What to produce: When you reach the line containing "Скушал Билл г..., получил" in the entries below, start writing out each line exactly, and stop after the line containing "Whiston's book was".

Recorded data:
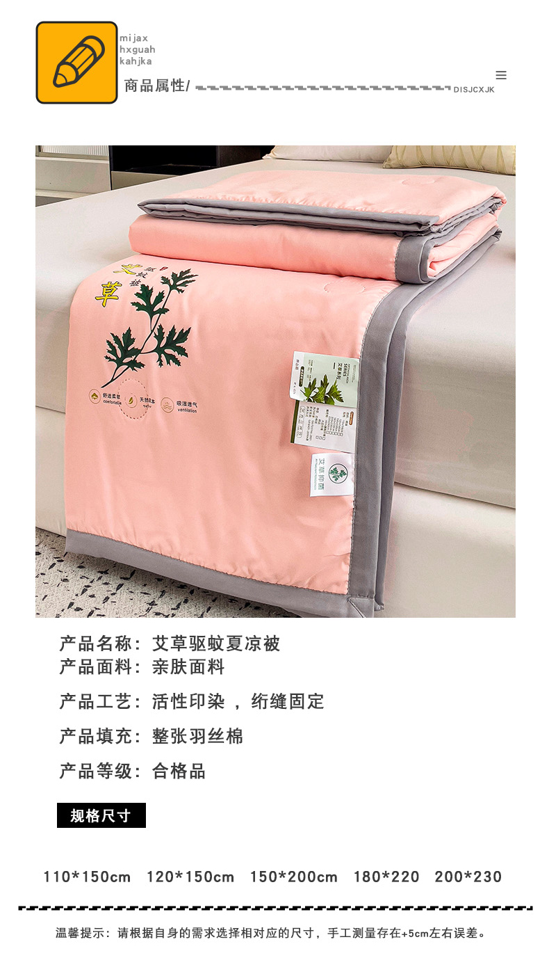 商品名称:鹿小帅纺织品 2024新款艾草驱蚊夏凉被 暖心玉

* * *

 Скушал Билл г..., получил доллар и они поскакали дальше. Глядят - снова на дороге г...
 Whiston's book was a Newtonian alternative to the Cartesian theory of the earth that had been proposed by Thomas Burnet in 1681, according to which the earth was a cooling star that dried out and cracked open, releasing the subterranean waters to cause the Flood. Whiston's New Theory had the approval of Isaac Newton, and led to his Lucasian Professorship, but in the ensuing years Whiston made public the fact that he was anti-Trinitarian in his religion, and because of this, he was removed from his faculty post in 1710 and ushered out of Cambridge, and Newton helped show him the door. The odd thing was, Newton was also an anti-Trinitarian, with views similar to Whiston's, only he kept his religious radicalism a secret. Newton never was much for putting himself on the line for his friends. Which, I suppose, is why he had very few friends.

Response to this exercise:
 Скушал Билл г..., получил доллар и они поскакали дальше. Глядят - снова на дороге г...
 Whiston's book was a Newtonian alternative to the Cartesian theory of the earth that had been proposed by Thomas Burnet in 1681, according to which the earth was a cooling star that dried out and cracked open, releasing the subterranean waters to cause the Flood. Whiston's New Theory had the approval of Isaac Newton, and led to his Lucasian Professorship, but in the ensuing years Whiston made public the fact that he was anti-Trinitarian in his religion, and because of this, he was removed from his faculty post in 1710 and ushered out of Cambridge, and Newton helped show him the door. The odd thing was, Newton was also an anti-Trinitarian, with views similar to Whiston's, only he kept his religious radicalism a secret. Newton never was much for putting himself on the line for his friends. Which, I suppose, is why he had very few friends.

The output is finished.